The Short Breaks Innovation Fund consists of £30 million designed to support local authorities to establish new Short Breaks services via innovative projects.
This three-year programme (2022-2025) is helping to improve health, education and well-being outcomes for children and young people with SEND and their families. It aims to address gaps in current Short Breaks services, reduce pressures on High Needs and other budgets, and inform future structural reform and service design.
Year one of the programme saw £5 million awarded across seven successful bids from local authorities (and their consortium partners) from across England. The projects support children and young people with a variety of needs and conditions, including learning difficulties and complex needs, to access Short Breaks services closer to home, targeting support where there is unmet need and creating positive opportunities for children and young people.

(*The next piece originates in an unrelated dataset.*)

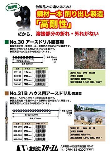 スターエム 31B-200 アースドリル 両溝型 20mm
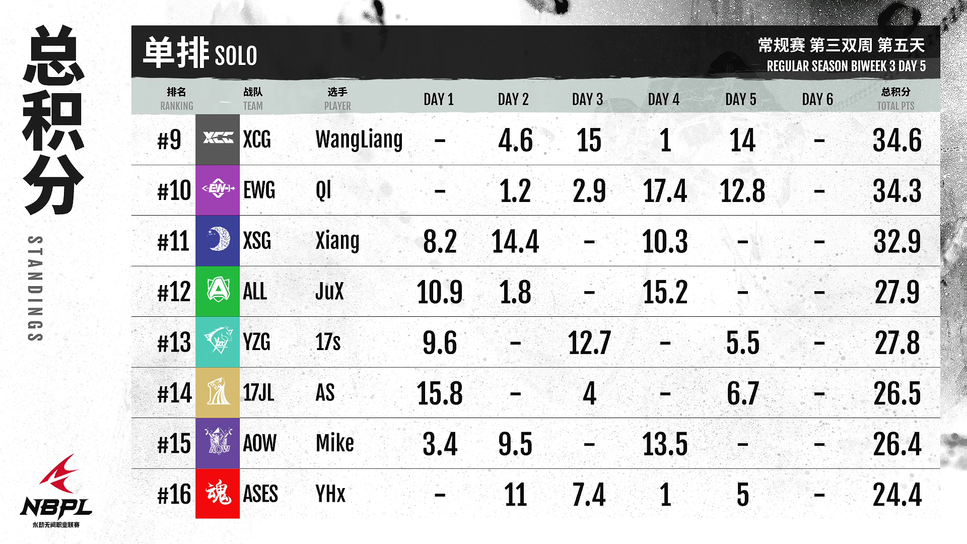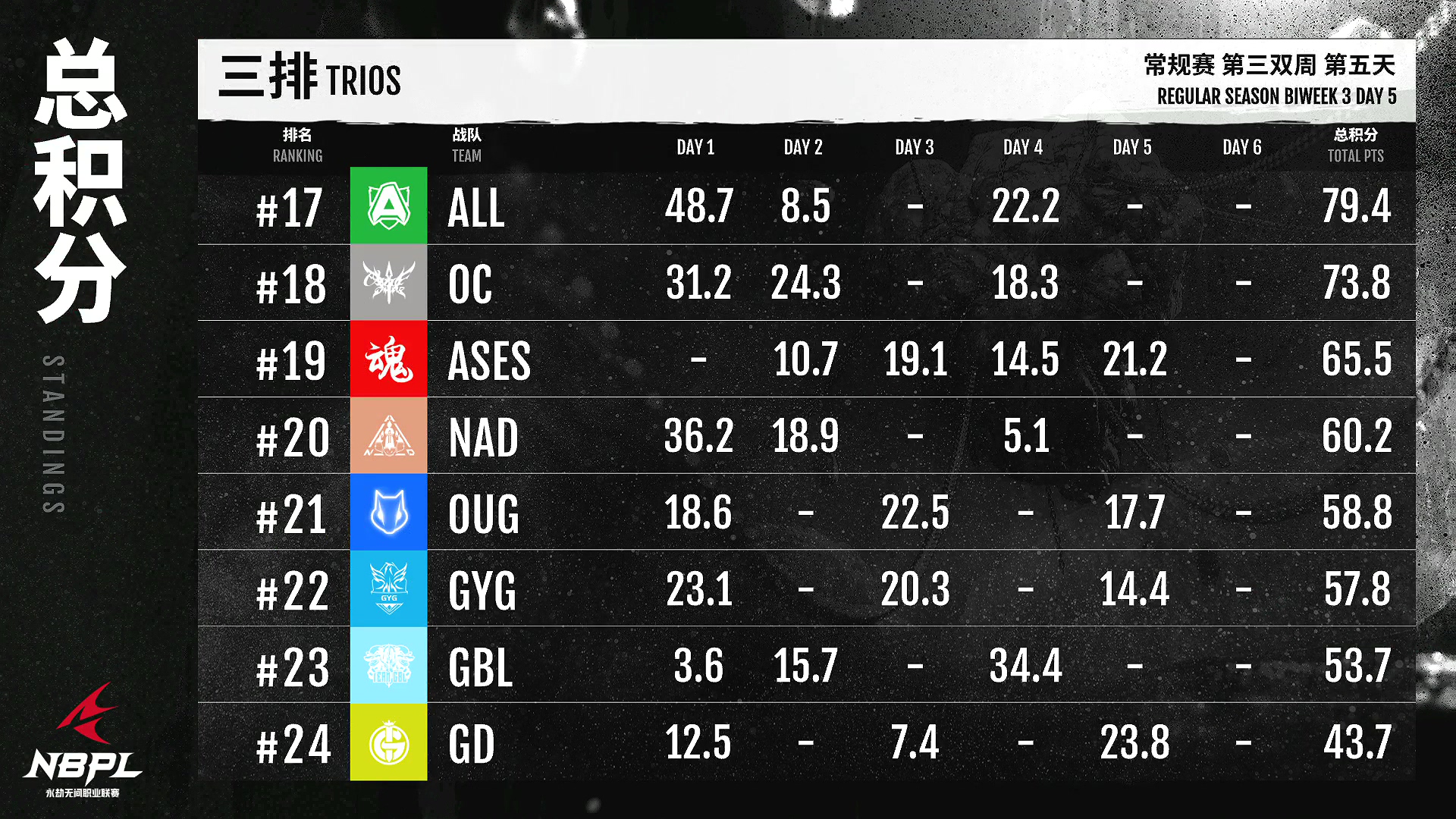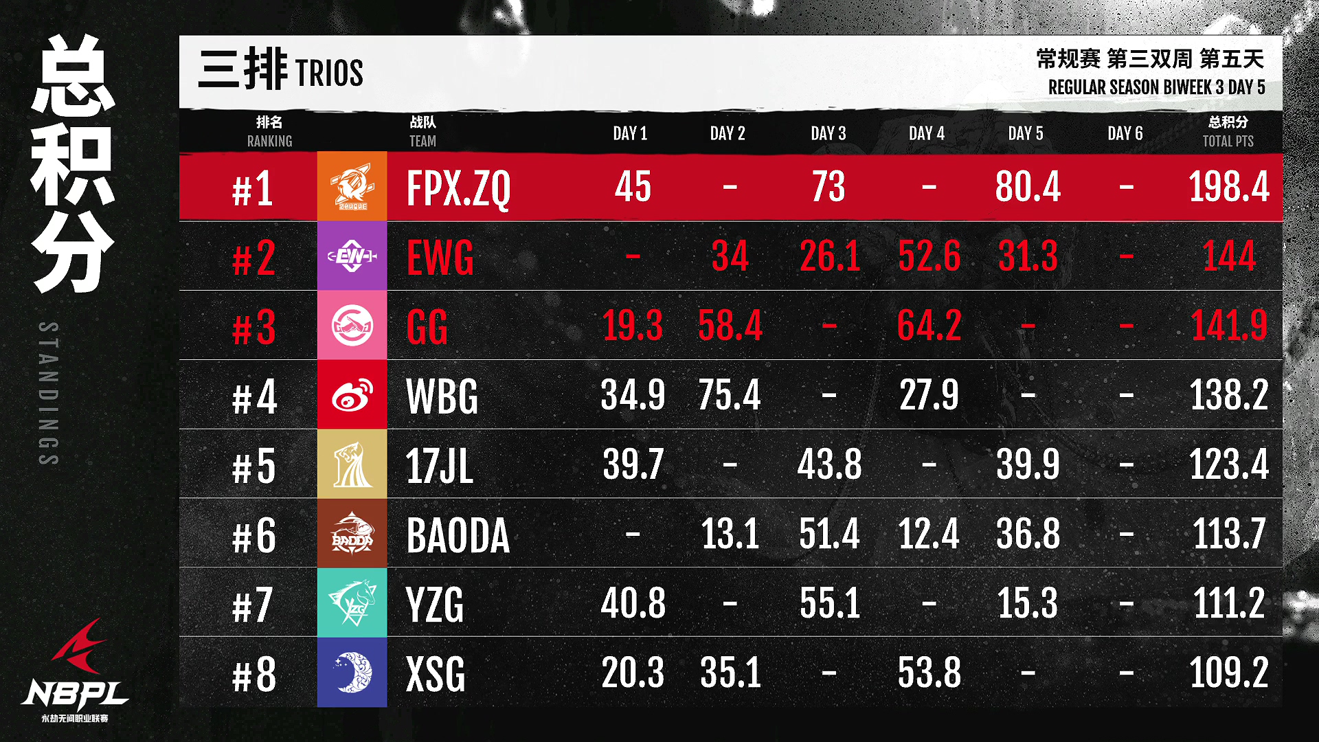 在第三排,FPX朱雀队发挥出色!仅仅三天比赛,成绩将近200%,势头凶猛!EW战队发挥比较稳定,延续了不错的状态成绩,周总决赛门票稳稳获得!GG队需要期待明天的对决。他们能否扮演更出彩的角色,挑战FPXZQ的统治力?一起见证!

In our role as Strategic Reform Partner to the Department for Education, the Council for Disabled Children has collaborated with local areas from year one of the programme to create a series of learning examples. These examples set out how local authorities have worked with their partners to plan and implement innovative Short Breaks provision and showcase the difference their projects are making to the lives and outcomes of children and young people.
The learning examples in this series include:
- A motivational coaching programme with young people with SEND and/or SEMH needs
- A transition group to develop the independent living skills of young people with SEND
- A project to support young people with SEND and complex needs to prepare for adulthood
- A short breaks provision for children and young people aged 6 - 18 years with social, emotional and mental health needs, Autism and learning disabilities.
Each learning example contains useful reflections on how local authorities went about developing their approach in different contexts, to ensure each intervention was person-centred, prioritised the relationship between the young person and the practitioner, and was supported by effective multi-agency collaboration.